The advantage the portals have always had is scale. How does your company reach a massive audience? But as the online ad industry matures and inventory from niche sites is consolidated, ad buyers will have more (and better) options.

This is vital to what we’re building at PeopleJam.


Mar 04 2008

Advertainment and Recommentisements: The Future of Advertising

Tag: advertisingJohn Wesley @ 1:38 pm

I’ve recently read some fascinating stuff about the future of the ad industry. If you have an interest in the future of ads or media, this post in a must read. The money quote [excerpted from The Coming Ad Revolution]:

Each user determines who will get into his own garden, whether friends or vendors. Look at Dopplr (where I plan to become an investor), a site for travelers. I list my trips, and see how they intersect with my friends’ itineraries. “Oh, we’ll both be in London April 4? Let’s get together!” Or, “Juan and Alice will be in town next Tuesday. Let’s hold a dinner!” You can imagine or visit equivalent approaches for books (a hypothetical Amazon 2.0, new and more personalized), clothes (Glam.com and Stardoll.com), and even money management.

So what’s the business model? I’ll “friend” British Airways, which will say, “We see you’re going to Moscow next month. Why not fly through London and we’ll give you 10,000 extra miles?” I’m no longer in a bucket of frequent travelers, my privacy protected. I’m an individual with specific travel plans, which I intentionally make visible to preferred vendors. British Airways, of course, will pay Dopplr a handsome sponsorship fee to be eligible to be my “friend” (just as a Nike rep might pay to sponsor a basketball game and be part of the community).
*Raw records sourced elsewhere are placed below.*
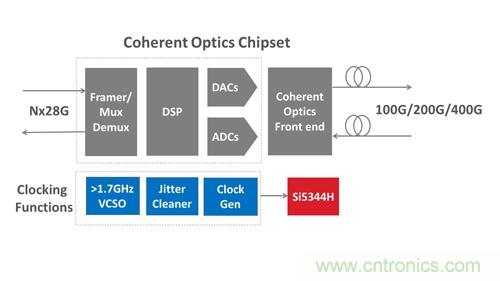 通信市場中最大增長驅動因素之一是業內城域網絡和數據中心互聯(DCI)領域從10G到100G的轉變。相干光學技術可用于100G和400G應用,因為它使得服務提供商能夠通過現有的光纖發送更多的數據,減少為帶寬擴展而進行網絡升級的成本和復雜性。當前用于相干光的定時解決方案在成本和尺寸方面還未達到最優化,需要VCSO、時鐘發生器和分立器件的多樣化組合。
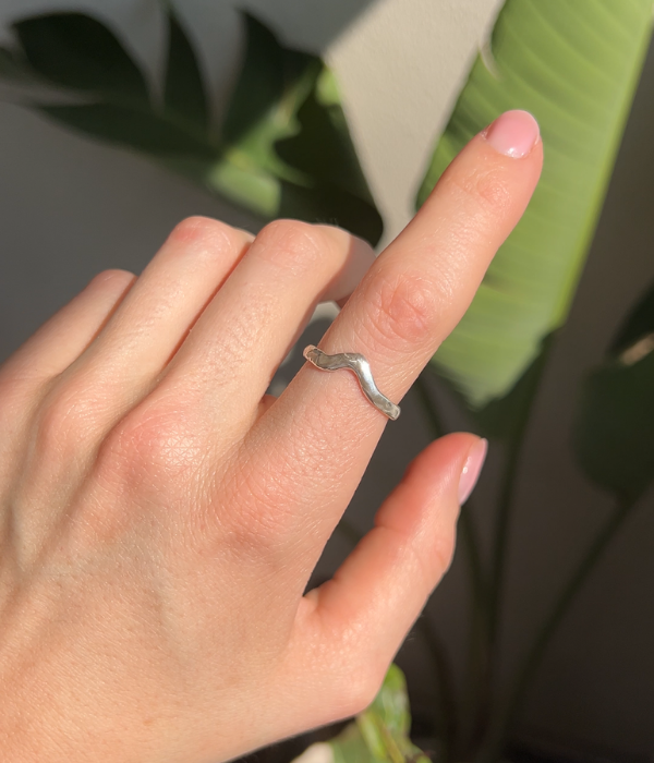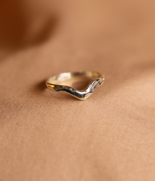 The Michelle Ring features a 2mm sterling silver wishbone band, symbolising intuition, light, and the quiet power of self-assurance. Elegant and timeless, it reflects the natural balance of softness and strength.
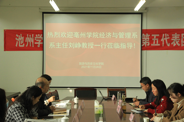 11月26日上午,亳州学院经济与管理系主任刘峥教授一行4人来旅游与历史文化学院考察交流,院长胡文海教授、院党委书记程晓丽教授、教学办公室主任蒋辉、实训中心主任钟奇峰、酒店管理教研室主任吴琼、余菲菲副教授及部分专业老师参加交流会。
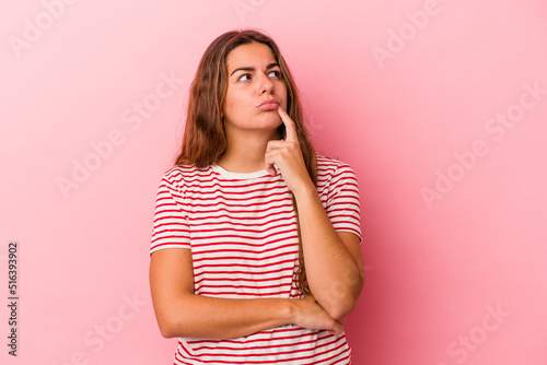Young caucasian woman isolated on pink background looking sideways with doubtful and skeptical expression.
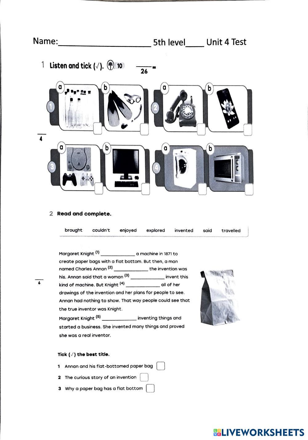 Created byLola English Could/couldn't Age 10-15 level: 5th grade Spanish Author's Instructions My Google Classroom Courses × 0 classes selected (0 students total) Quick Access Select all classes (0 classes) All Classes Loading courses... Cancel Share Share to selected Course __COURSE_NAME__ __STUDENT_NAME__ (__STUDENT_EMAIL__) English test Unit 4 Download Worksheet Validation Check my answers Emails my answers to my teacher Full name Group/level School subject Teacher's email or key code Close Submit Validating worksheet... (12) Your answers have been sent to your teacher. Good luck! OK We encountered an error submitting your answers. Please try again. OK Advertisement | Go Ad Free Created byLola English Could/couldn't Age 10-15 level: 5th grade Spanish Author's Instructions
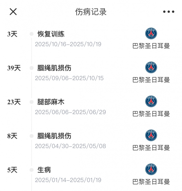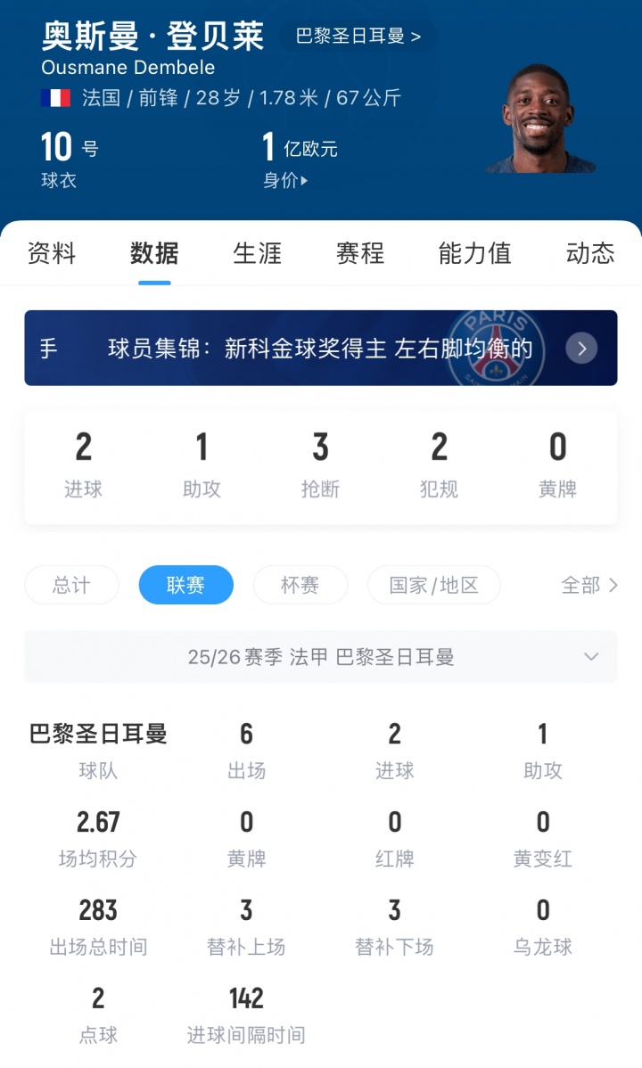 这是28岁的登贝莱本赛季第三次受伤,他本赛季已经缺席了16场比赛中的7场,伤缺44天。他本赛季至今仅为巴黎出战6场法甲、2场欧冠和1场欧超杯,贡献3球2助,共计425分钟,其中仅在欧超杯打满全场。
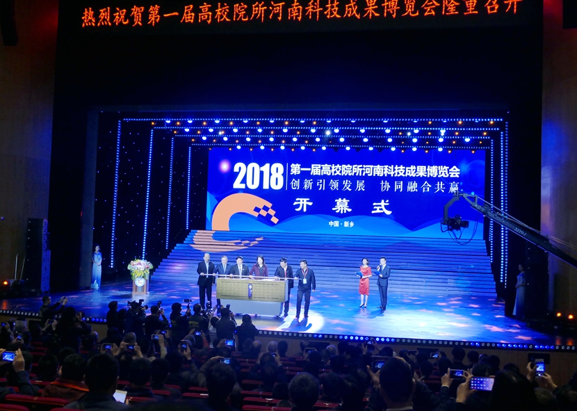 10月26日,第一届高校院所河南科技成果博览会(以下简称“高博会”)在河南省新乡市开幕。本届高博会以“创新引领发展 协同融合共赢”为主题,由新乡市政府、河南省科技厅、河南省教育厅共同举办。beat365在线平台官网应邀参加本届博览会,副校长胡虹文教授参加高博会开幕式等活动。河南省科技厅副厅长夏培臣主持开幕式。河南省人民政府副省长霍金花致开幕词,新乡市委副书记、新乡市市长王登喜宣布第一届高校院所河南科技成果博览会开幕。
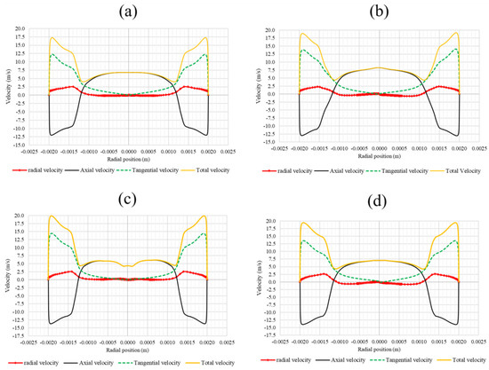 The numerical simulation comprises four values of inlet pressure (300, 350, 400, and 450 kPa) for each case (A, B, C, and D). These pressures allow determining the inlet velocity, facilitating the calculation of the turbulent intensity (I); it is worth noting that the turbulent intensity () [19] and the hydraulic diameter () were particularly used for low Reynolds models (Re ) [26]. Then, using these criteria in the RNG k- turbulence model [27], convergence was successfully achieved for all cases. The RNG k- model was chosen for this work because it considers swirl or rotation effects, modifying the turbulent viscosity appropriately [28]; in addition, it handles flows with low Reynolds number near walls [29].
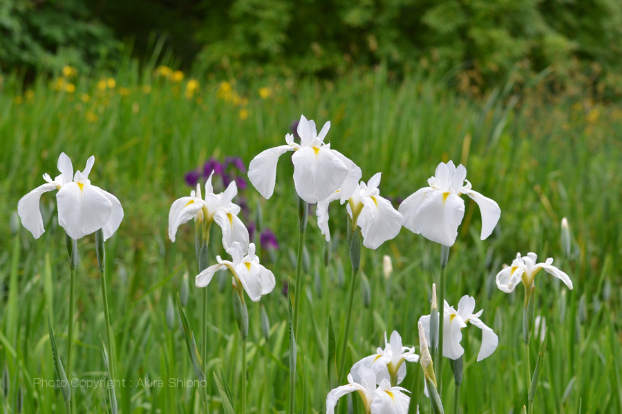 ![]() 好奇心があり、冒険好きのヒナは、水路、草むら、池の東の薮などに集団で動き回っていました。 ![]() 動き回っていたヒナは疲れたのか、池の浮き板の上で休み始めました。 彩りを増す姿見の池の湿地 2013.6.1 しばらく姿見の池にいっていなかったので、カメラを担いで出掛けることにしました。時間は午後1時を回っていましたが、現地についてみると沢山の低学年の子供達と保護者(先生?)らしき人が大勢いました。子供達を避けながら撮影箇所まで移動してみると、今までキショウブがあった場所に写真の白い花のショウブが群生していました。池側に回ってみると南側の一部にキショウブはかたまって咲いていました。その他薄いピンクのショウブもぽつぽつと咲いていました。 ![]() 今までキショウブが咲いていた場所に白ショウブが咲いています。
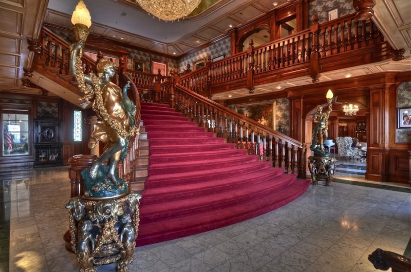 As you step the threshold of the house, you instantly notice the dramatic double staircase that includes imported chandeliers and hand-painted murals.
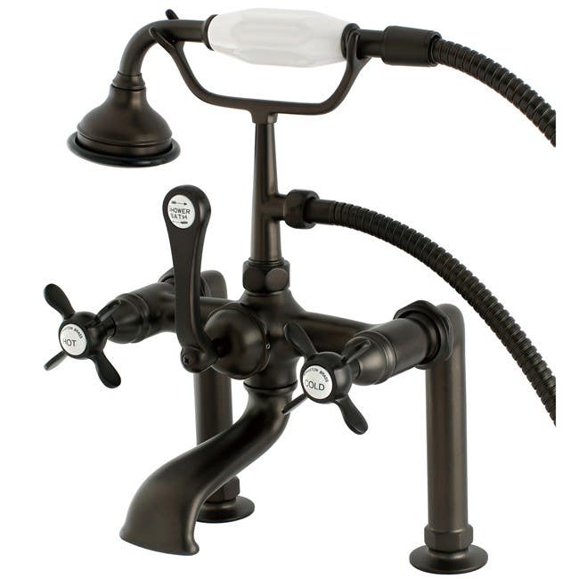 The Essex deck-mount bathtub faucet is a refined addition to complete the look of your Vintage clawfoot bathtub. Manufactured from solid brass, this sturdy bath faucet comes in your choice of 4 finishes: Polished Chrome, Polished Brass, Oil Rubbed Bronze or Satin Nickel. With a classic hand shower and premier Essex cross handles, this tub faucet will offers years of enjoyment and beauty.
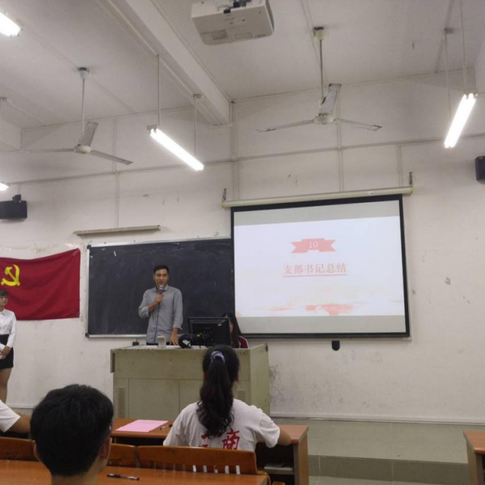 大会最后一项议程,支部书记李鑫老师总结发言。首先,李鑫老师对如期转正的党员同志表示由衷的祝贺,紧接着对我系学生党支部的相关活动开展以及各项工作的展开都提出了宝贵的建议,并对我系学生党支部未来发展寄予厚望。
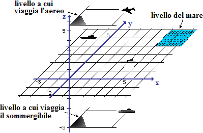 dal livello del mare: asse z. Ad esempio il sommergibile raffigurato,
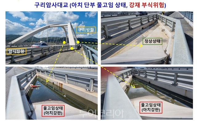 [투어코리아=유경훈 기자] 구리암사대교의 상부 아치 단부 2개소가 비가 오면 잠겨 부식 위험성이 높은 것으로 나타났다.
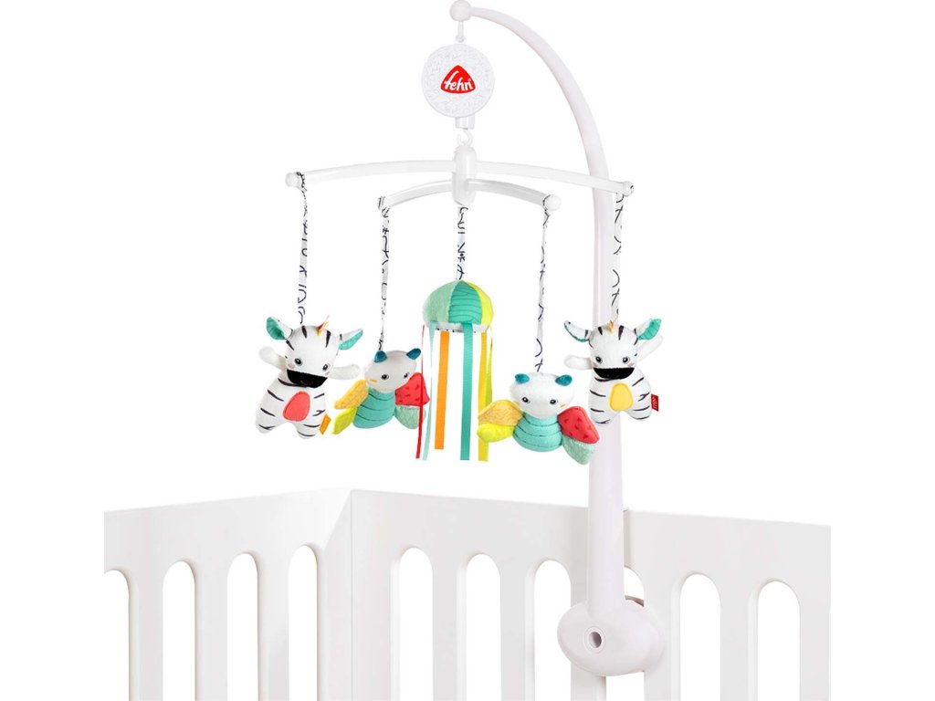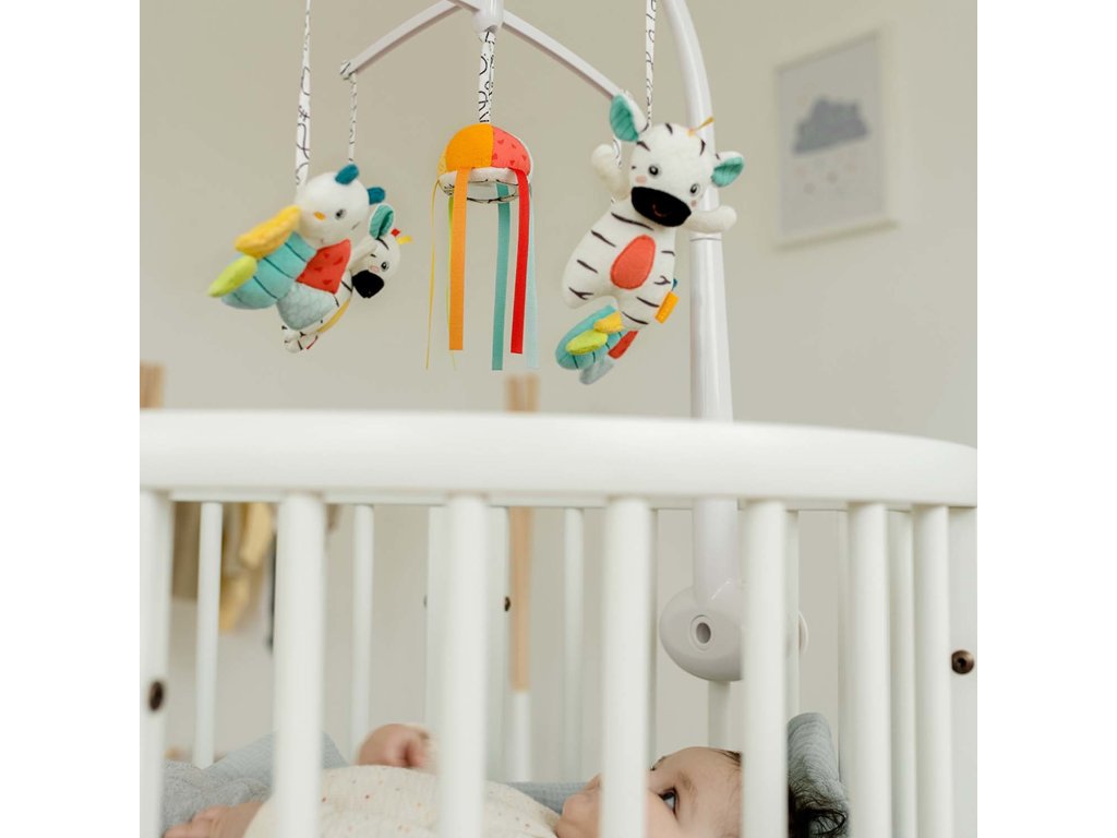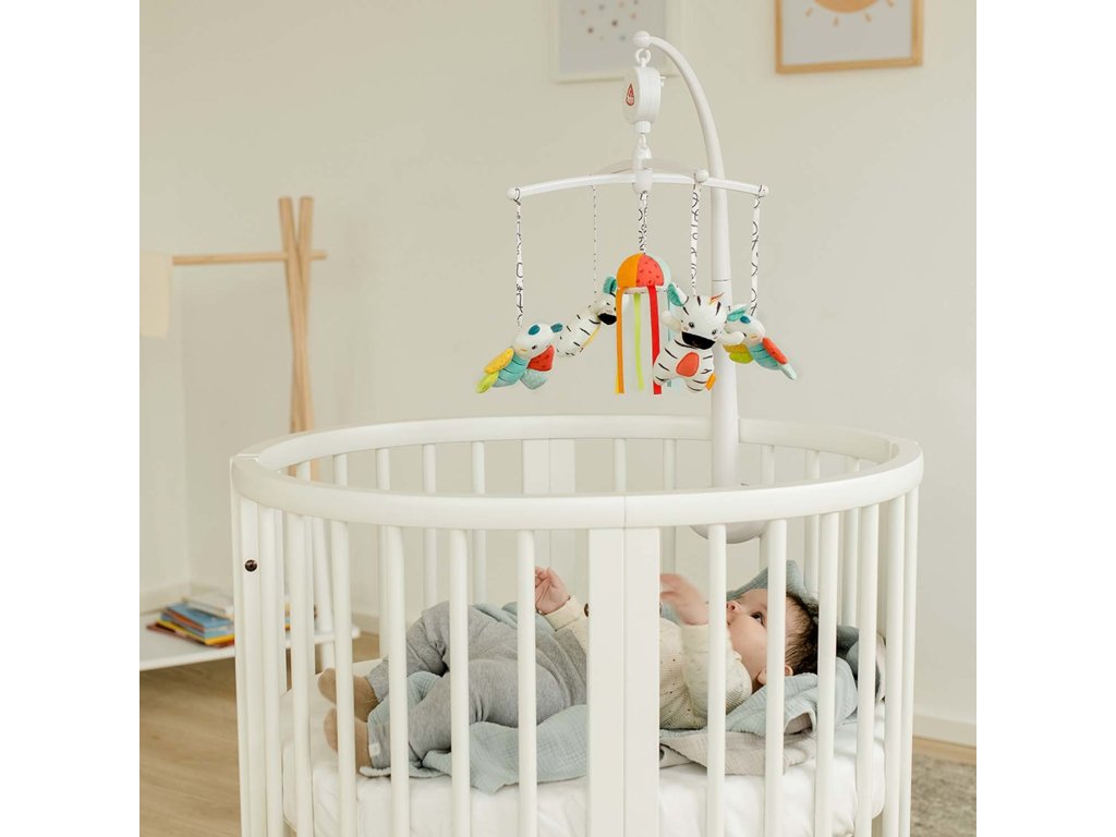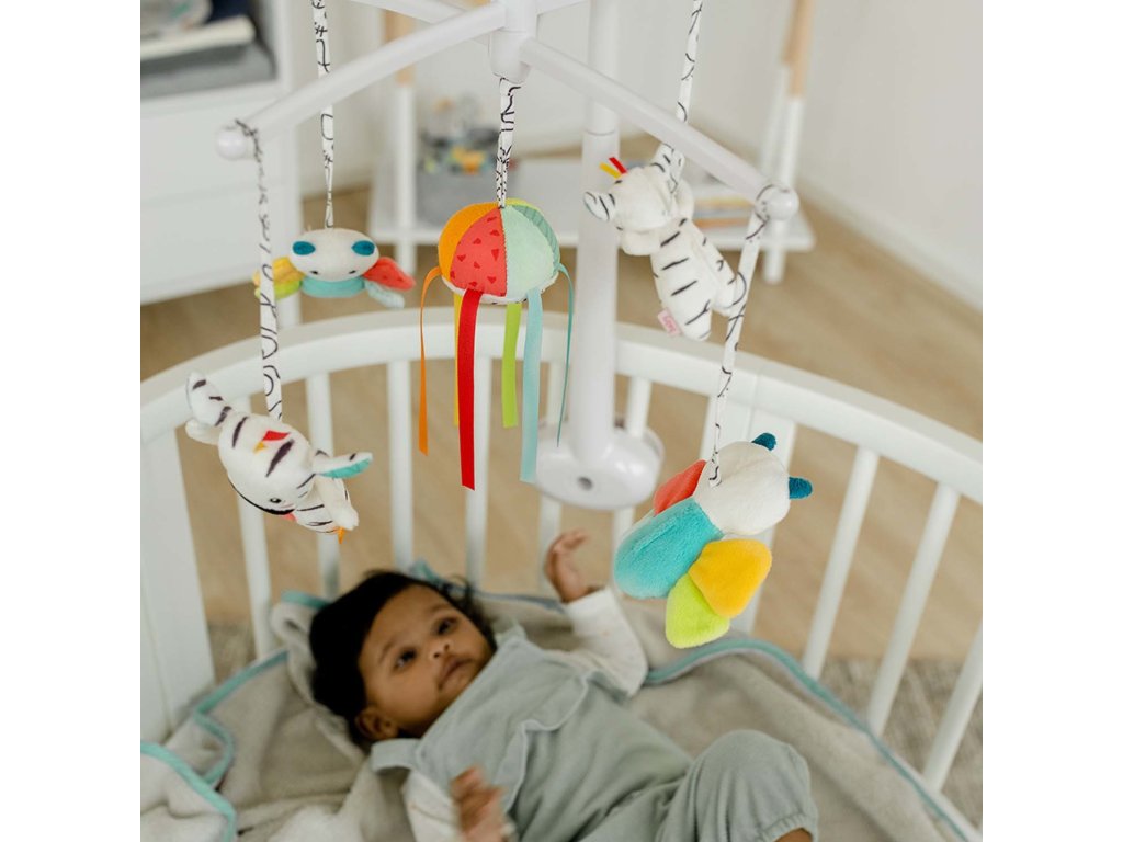 Design kolotoče usnadňuje připevnění k dětské postýlce – figurky lze snadno vyjmout pro hraní a mytí.

Someday NetJets may show up, offering to ferry me and my friends to a conference we’ll be attending together.

I’m far more likely to respond to BA or NetJets within a trusted site, and for a specific offer, than I am to heed their ad while reading a newspaper article on the troubles in Russia. (As for Orbitz, my old standby: After five years, it still doesn’t acknowledge my preferred airlines.)

The new model creates a more trusted environment for reaching high-value, frequent purchasers, whether of airline tickets, electronics, clothes or other items. Where does that leave the less-frequent purchasers? Probably looking to their friends rather than to advertising for advice. I’m an expert on travel; my friends may look to me for hotel choices. When I’m in the mood to buy a book or a new computer, I’ll check out what my friends on Facebook are doing.

This got me thinking and generated a fantastic startup idea that I’m surprised has not been done yet (if you are a VC contact me :)). The concept of marketing through interests and social ties is so intuitive that it should be farther along. The interesting part will be to see how the generic social nets (Facebook, MySpace, etc.) are able to monetize the phenomenon. My guess is apps created by the niche networks layered on top.

The example cites a network focused around travel, but if you think about for a few minutes it’s easy to spin off a number of areas where communities like this would be extremely useful for users as well as marketers.

This is all well and good for web media, but what about the traditional channels, specifically television? The ad game is changing there to, especially with the prominence of Tivo and DVR. Not surprisingly, users want free (ad supported) content and the ability to fast forward through those very advertisements.

So what gives? How do marketers hold users’ attention as TV becomes a more personalized and user-controlled environment?

The answer is Advertainment. Ads that are made to look and feel like content and are hooked onto the beginning, end, or directly within content so that users experience them as programming rather than ads. If you pay attention you can see this happening already.

And I don’t think it’s a bad thing. People like to buy things and they like to learn and talk about the cool things that they buy. So if your company makes a fun and interesting product you will be in great shape. If not, you’ll need to get creative and build entertainment around your product.